Se, afinal, a Câmara, por alguma razão, já não poderia exercer o direito de preferência, se já estava ultrapassado o prazo para o seu exercício ou se viria a estar, por inoperacionalidade ou desinteresse posterior da Câmara, era matéria não essencial na deliberação da assembleia.
Isso não impedia que a assembleia se debruçasse sobre essa tempestividade, como o fez, aliás.
Na verdade, por exemplo, o presidente da Assembleia informou a mesma, “que tinha recebido documentação enviada por uma sociedade de advogados em representação de um outro promitente comprador do palacete em questão. Na Conferência de lideres analisaram a matéria, nomeadamente no que dizia respeito aos prazo de opção por parte da Câmara, e conclui-se, após a entrega por parte da Câmara de um documento à Mesa e aos lideres dos Grupos Municipais, que a Assembleia estava em condições de discutir e votar esta proposta” (fls. 182.).

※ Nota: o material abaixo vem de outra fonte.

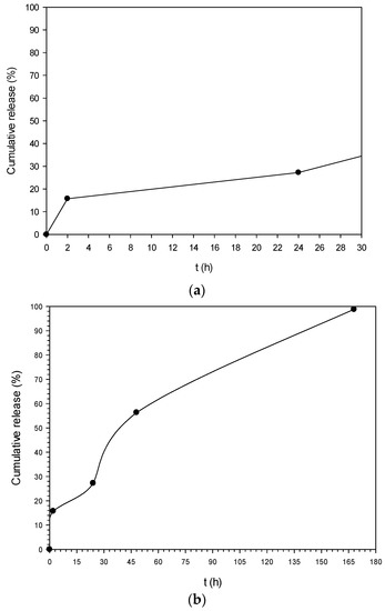 Preliminary in vitro release experiments were conducted in pH 5.6 at 37 ± 0.5 °C. This pH value was selected as it is the pH of healthy skin [46]. The release profile is depicted in Figure 7a,b. At t = 2 h a burst effect was observed in which a cumulative amount of 15.7% of OLE was released (Figure 7a). After that, it is obvious that OLE “escaped” at a constant rate from the NPs reaching almost 100% cumulative release after 168 h (7 days) (Figure 7b).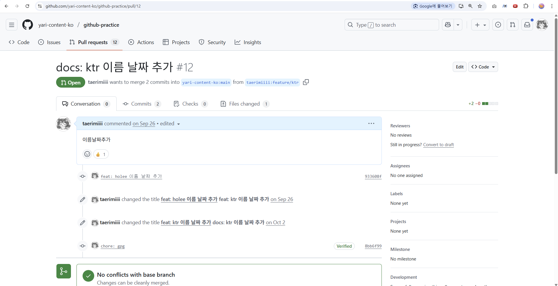 docs: ktr 이름 날짜 추가 by taerimiiii · Pull Request #12 · yari-content-ko/github-practice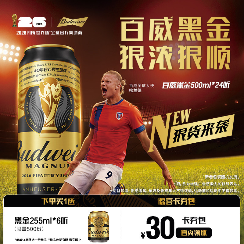 📚 百威黑金深色拉格啤酒500ml*24听12.0°P浓郁焦糖麦芽整箱批发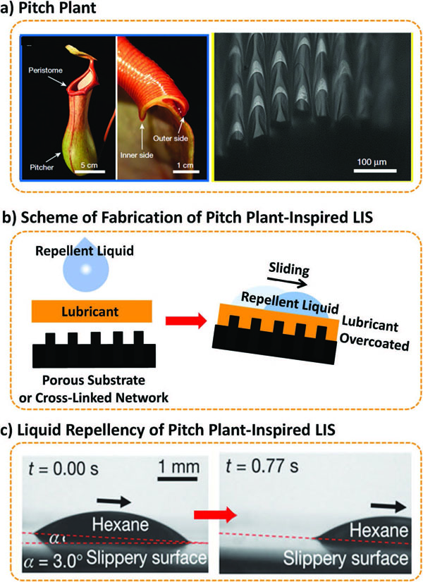 图1 受猪笼草结构启发的液体灌注表面(Liquid-Infused Surfaces, LIS)
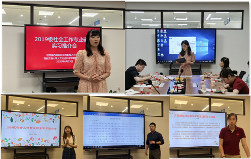 沣西新城人社民政局代表孟珊向社会工作专业师生介绍了实习单位的总体情况以及本单位对于实习工作的需要与要求。随后,参与本次实习工作的各单位与组织,包括陕西省社会组织服务中心天福和园社区项目代表胡妍、沣西新城乐善同方社会工作服务与发展中心代表孟庆珍、全乐居家养老服务中心代表薛峰、国产探花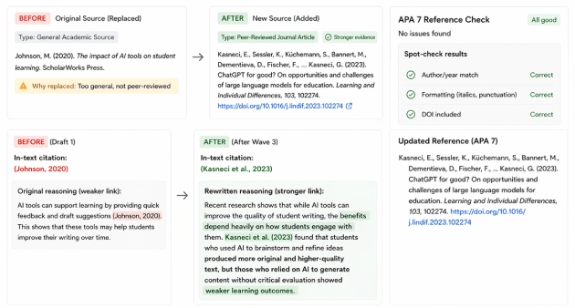- Probe E (APA precision): “Will you ensure in-text citations match the reference list and include DOI when available?”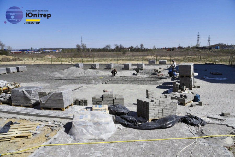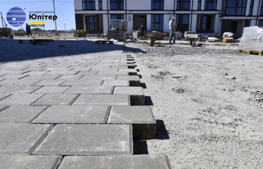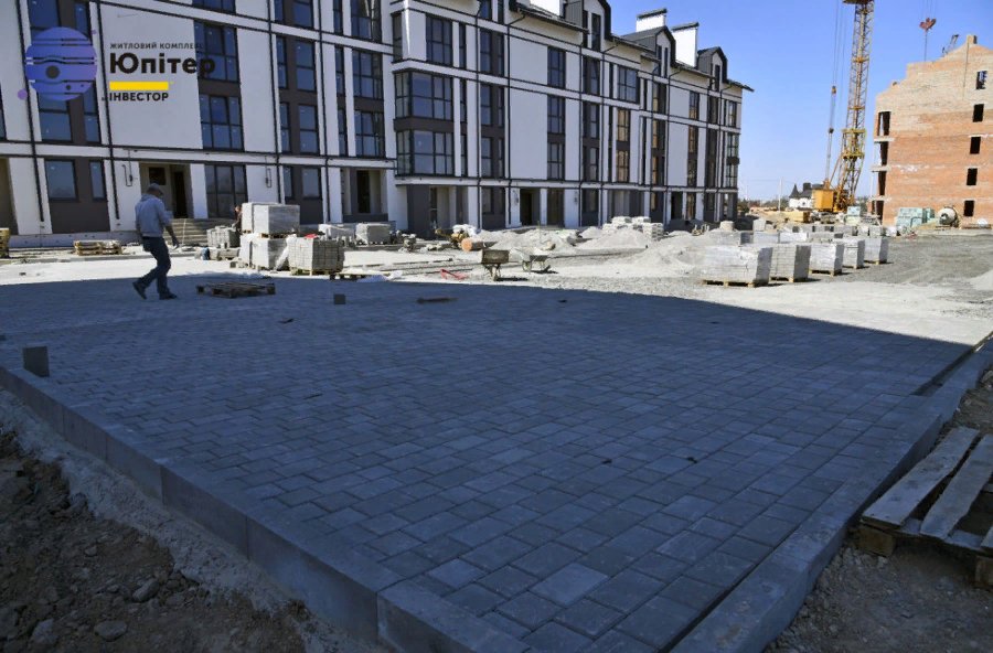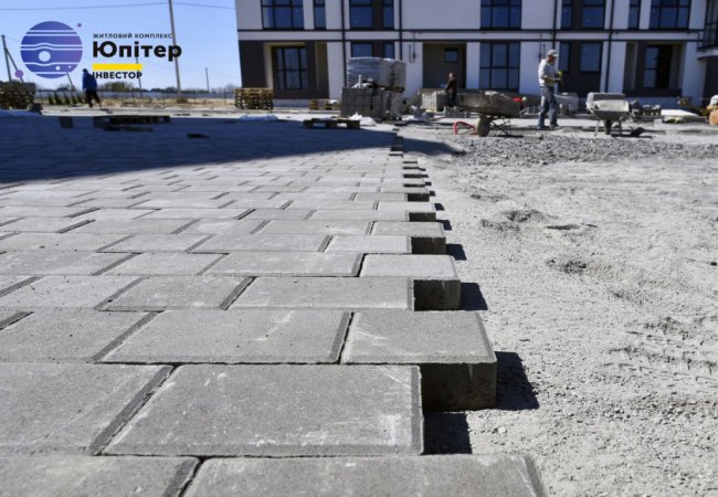 У житловому комплексі «Юпітер» розпочали класти бруківку біля другого будинку.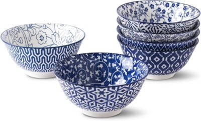 24 oz Cereal Bowls set of 6, Ceramic Soup Bowls for Kitchen, Dishwasher & Microwave Oven Safe- for Cereal, Soup, Pasta, Salad, Blue & White Floral Design Bowl Set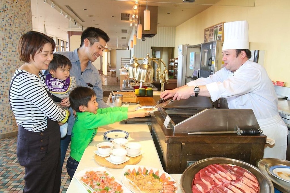しかし、平日だから?なのか、ホテル近郊のショップもレストランも、レジャー施設も、何も開いてませんでした。夜、少しだけ食事しようと思いましたが、レストランは、バイキングのみ!ルームサービスもなし、ホテルの中にあるお土産さやんにも、パン少し(メロンパン?)カップ麺とお土産程度しかなく、結局、自宅から作ってきたおにぎりをみんなで分けて食べました。(保冷剤を入れててよかった)4人(子供2人)で泊まったのですが、予約サイトには、ベッドでも和室に布団を敷いても良いと書いてあったのに、大人2人だからベッド(ツイン)のみ使用、布団を使いたいなら、シーツ一色1,100円支払ってくださいと言われました。朝食のバイキングはとても良かったのですが、お皿を片付けていたら、スタッフが「いいです」と言われたので、『このままでいいですか?すみません』というと、「ハイハイ」と返事。女性スタッフの愛想の悪さは天下一品でした。
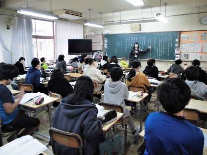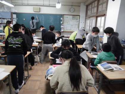 6年生は国語で「仮名の由来」について学習しています。万葉仮名を使って、自分の名前を書いてみたり、言葉や文を作って、友だち同士で読み合ったりしました。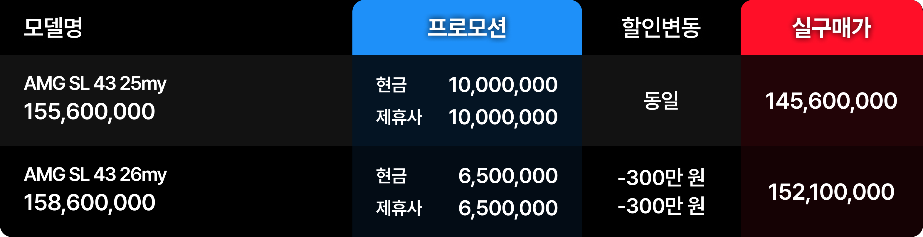 2026년 1월 메르세데스 벤츠 AMG 프로모션 분석 : AMG GT 63 S E 퍼포먼스 출시와 SL 43 할인 변동성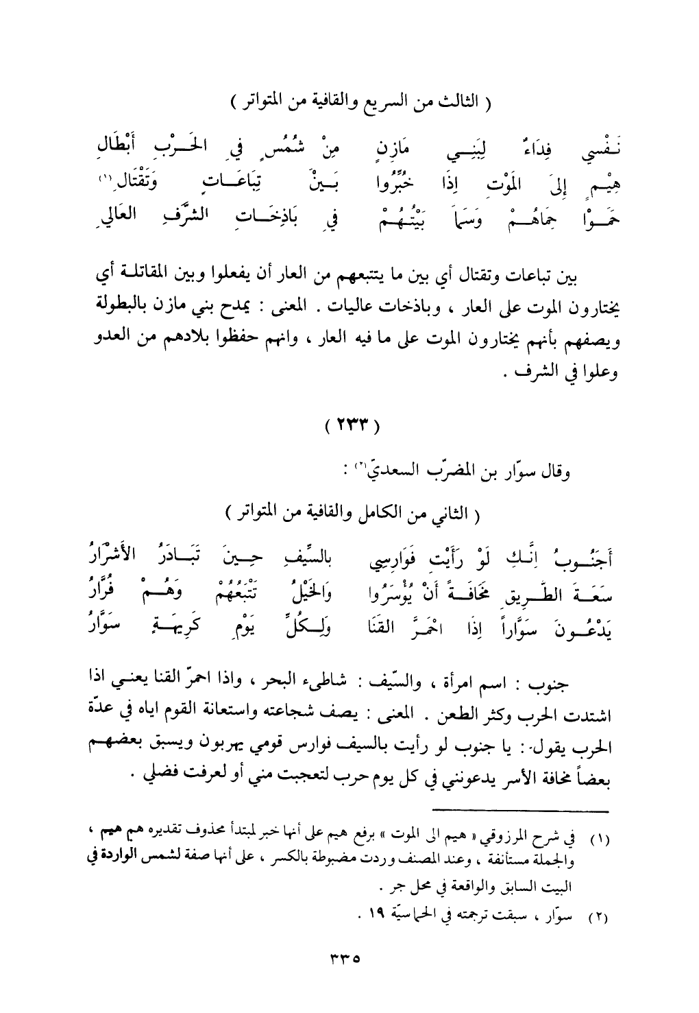 بين تباعات وتقتال أي بين ما يتتبعهم من العار أن يفعلوا وبين المقاتلة أي يختارون الموت على العار، وباذخات عاليات. المعنى: يمدح بني مازن بالبطولة ويصفهم بأنهم يختارون الموت على ما فيه العار، وأنهم حفظوا بلادهم من العدو وعلوا في الشرف.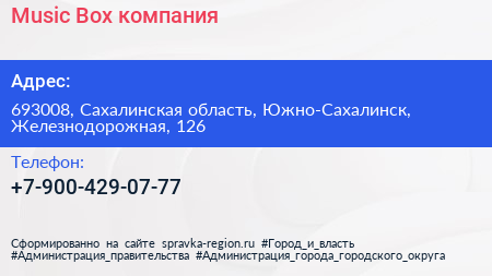 Music Box, компания по адресу 693008, Сахалинская область, Южно-Сахалинск, Железнодорожная, 126 в дальнейшем Организация, размещена в следующих категориях: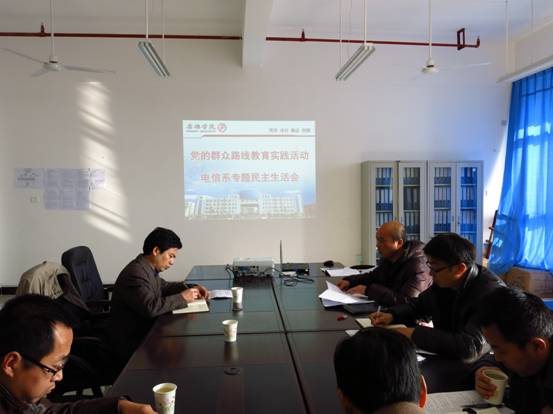 根据公司党委关于深入开展党的群众路线教育实践活动的统一部署,遵照《Bsports深入开展党的群众路线教育实践活动实施方案》第二环节查摆问题、开展批评工作的要求,经公司教育实践活动办公室同意,12月11日下午,电信系在江北科技楼B702室召开了系领导班子专题民主生活会。公司党委委员、副董事长陈刚、校第二督查组刘铁出席会议进行指导,系班子成员李红兵、张东红、陈守满、王庆春参加了会议,会议由党总支书记李红兵主持。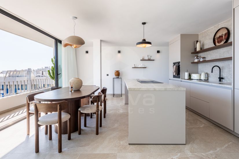 Elegant and beautifully reformed, three bedroom south facing penthouse, located in Playa de la Fontanilla, Marbella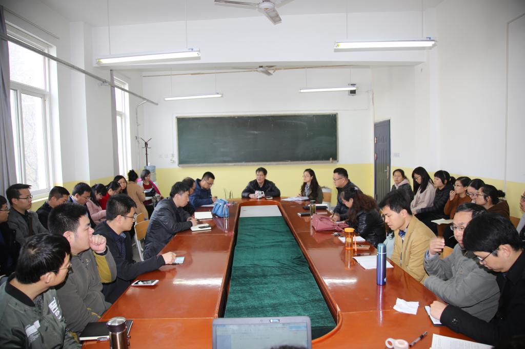 张化丽传达了寒假中干会议精神,要求全体教师要响应学校号召,积极申报自然科学基金,不断加强本科标准建设、教材建设、教学平台与科研平台建设。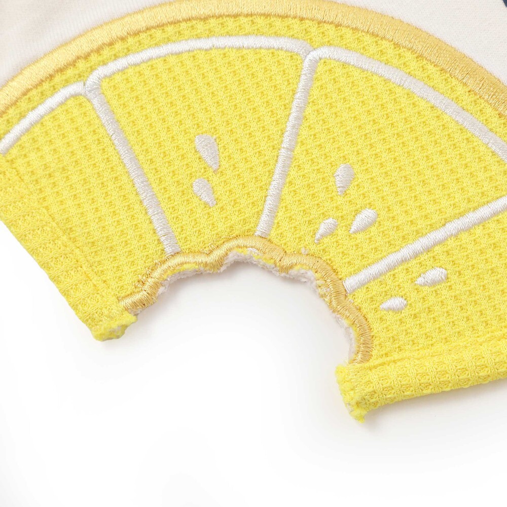 果物モチーフは立体感のあるワッフル素材を使用し、身生地にはやわらかな天竺素材を合わせて、赤ちゃんのお肌にもやさしい仕上がりに。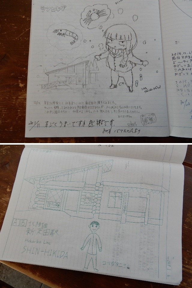 駅舎にテーブルと椅子が完備してますから、駅ノートを描く環境として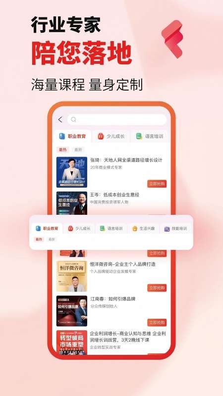 同时,从强大的流量入口形成品牌入口,获课逐渐吸引全中国的名师和优秀的知识内容创作者加入平台,秉承“精品策略”共同专研打磨,搭建完善优质的口碑课程体系,涵盖企业管理、资本模式、股权激励、营销创新、消费增长、财税筹划、人文素养等多个模块!通过线上或线下讲授,目前已经为遍布国内外的20多万学员提供了精细的学习服务,成为城市的认知高地。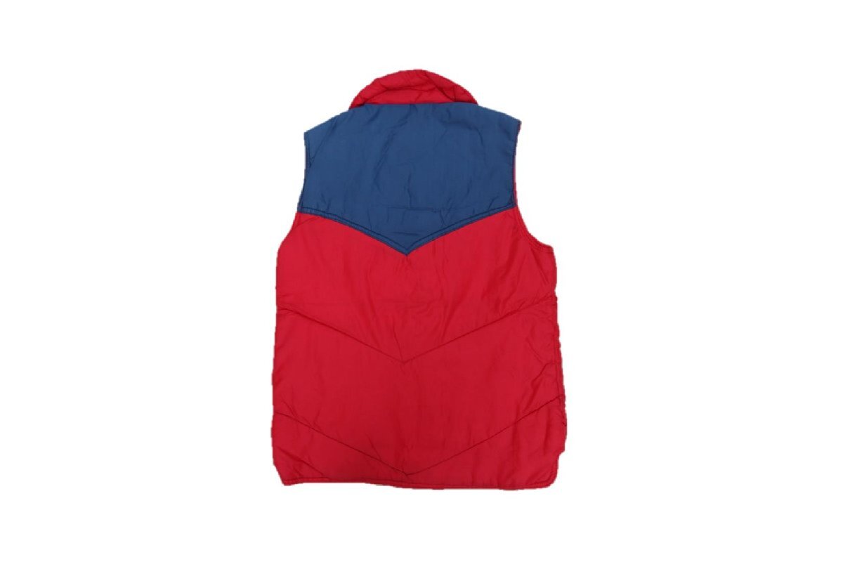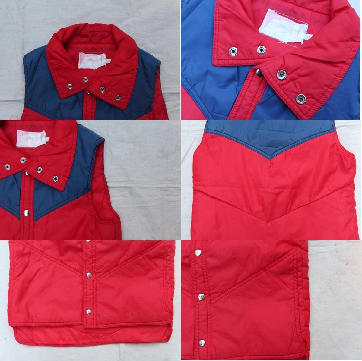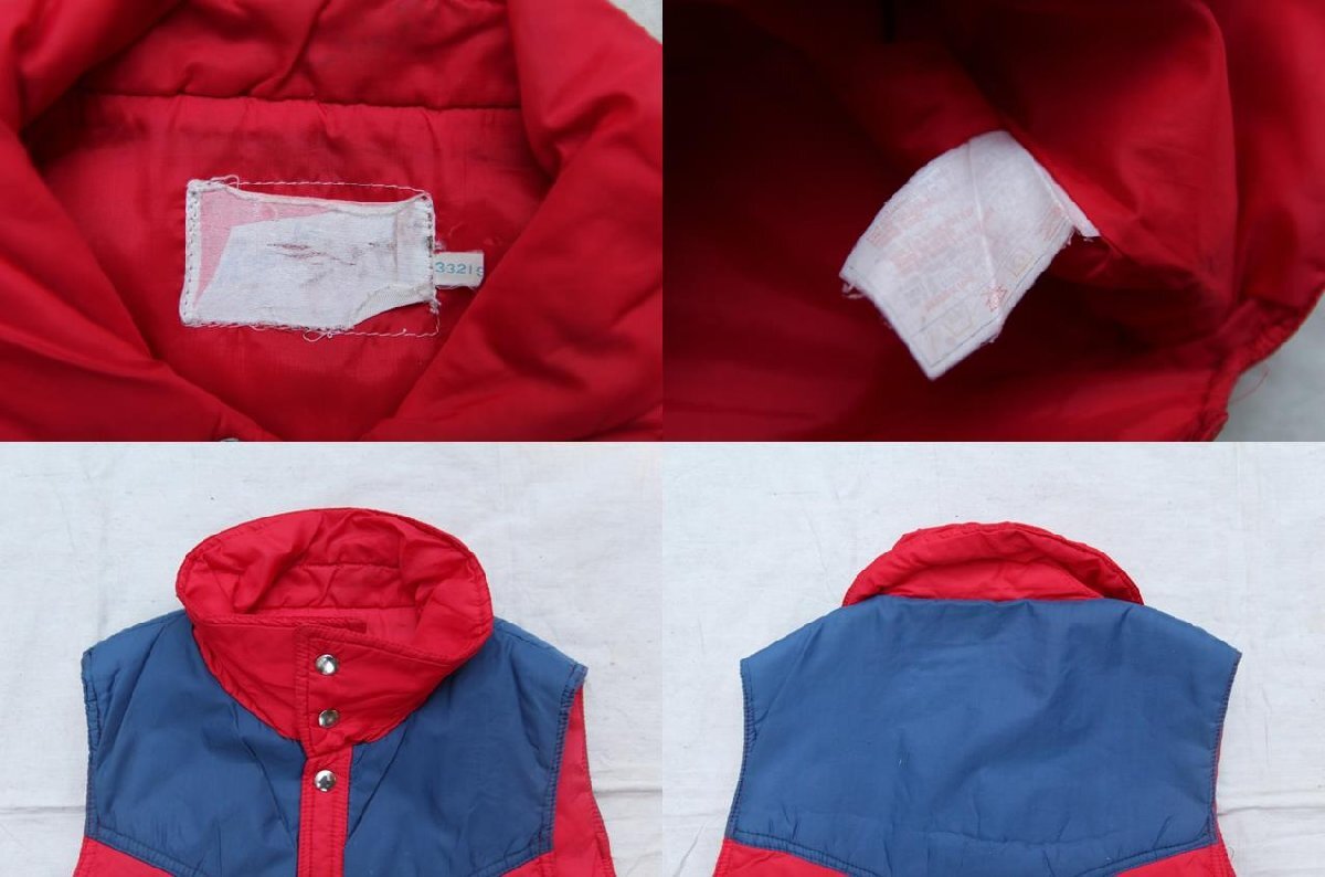 1980年代頃のブランド不明ナイロンベストになります。ブランドタグや内タグは存在しておりますが、経年劣化による擦れ等により薄れてしまっておりますのでブランド不明とさせて頂いております。80年代や90年代初期を彷彿とさせるアメカジ色の強いベストです。そこまで厚みは無く、薄手のベストになりますのでインナーとしての着用等のレイヤード等に向いているアイテムだと思います。カラーもレッド基調にネイビーの配色、ヨークのV字切り替えのデザインがアメリカらしい味のあるデザインですのでコーディネートのアクセントが期待出来るかと思います。フロントは全てスナップボタンですので着脱も容易です。是非チノやジーンズと合わせた王道アメカジスタイルをお楽しみ頂ければと思います。お好きな方やお探しだった方は是非この機会にご検討下さい。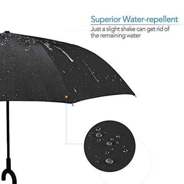 - SUPERIOR RAIN RESISTANT: The Canopy is made by 210T Pongee fabric which makes it good waterproof performance. The Reverse travel umbrella protects you in a drenching downpour with a high quality canopy coated with waterproof technology. Water won't soak through but instead beads up and bounces off, preventing the leakage you get with other umbrellas.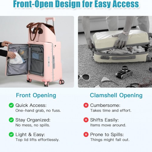22″ Ride On Luggage with Seat for Kids & Adults, Lightweight Hardside Ride-On Suitcase with Front Opening, TSA Lock, 360° Spinner Wheels, Pink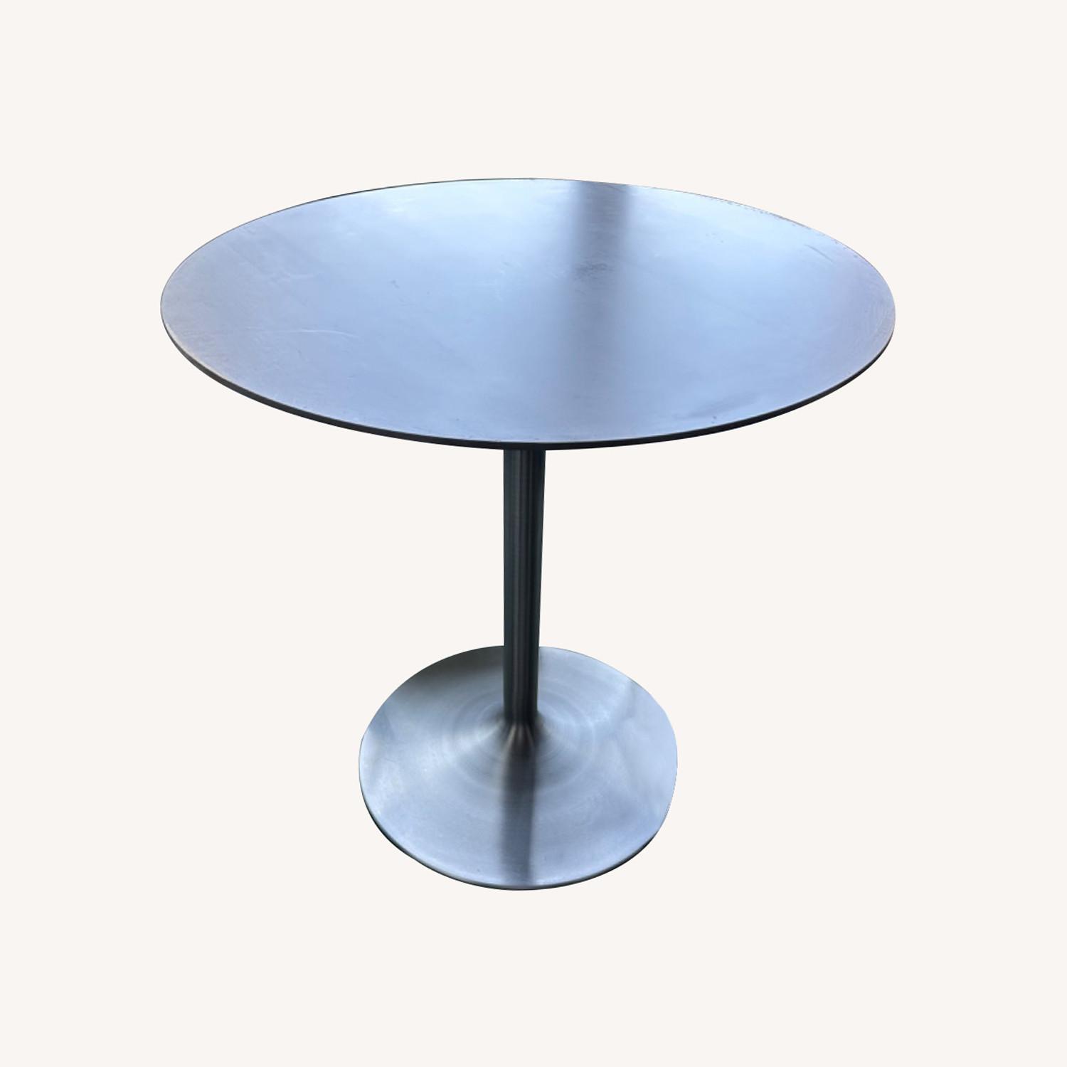 Seller's Notes:Room & Board Aria Round Counter Table with maple top in shell stain and stainless steel base. I bought a custom fit glass top that I put on top as a protector I will include. Has scratches on top on two sides of table. Base has zero scratches.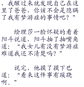 绘理莎闭着眼睛从房间里走了出来,身上还穿着小熊睡衣,她像是没有灵魂一般慢慢的走下了一楼。

Mas a Assembleia não deliberou sobre a actualidade, ou não caducidade, do exercício do direito de preferência, ou assente na certeza jurídica dessa actualidade. Ela pôde ser considerada no contexto da apreciação do interesse da proposta camarária, mas não se constituiu como seu pressuposto de facto ou de direito.
Essa actualidade permitiria à Câmara Municipal de Lisboa agir na aquisição, pois que autorizada; a não actualidade impediria a Câmara de adquirir, apesar de autorizada.
Se a Câmara Municipal adquirisse sem autorização, estaria esse acto viciado, por falta de autorização, atento o valor da aquisição. Se a Câmara autorizada pela assembleia municipal adquire apesar de já não o poder fazer, por caducidade do direito de preferência, é a aquisição em si que poderá estar viciada, mas não por falta de deliberação autorizativa. É o acto da Câmara mas não o acto da assembleia municipal.
Afinal, pelo entendimento perfilhado na sentença, o acto camarário do exercício de direito de preferência passaria a estar viciado não pela caducidade desse exercício mas por a aquisição em que se consubstanciava não estar coberta por autorização da assembleia municipal, exigida em razão do valor.
A deliberação da assembleia municipal não enferma de erro nos pressupostos, nem tem objecto impossível, ao contrário do concluído pela sentença. A deliberação da assembleia municipal incidiu sobre a proposta que lhe foi apresentada. O objecto seria impossível se a deliberação tivesse incidido sobre uma proposta que não existisse, por exemplo, face a uma proposta inicialmente apresentada mas entretanto retirada.
Errou, assim, a sentença, não se verificando nem nulidade nem anulabilidade, na vertente apreciada. Por isso, a sentença não se pode manter.
3. Pelo exposto, concede-se provimento ao presente recurso, revoga-se a sentença e ordena-se a baixa ao tribunal recorrido para conhecimento do que ficou por apreciar.
Sem custas nesta instância.
Lisboa, 7 de Outubro de 2009. – Alberto Augusto Andrade de Oliveira (relator) – António Políbio Ferreira Henriques – Rosendo Dias José.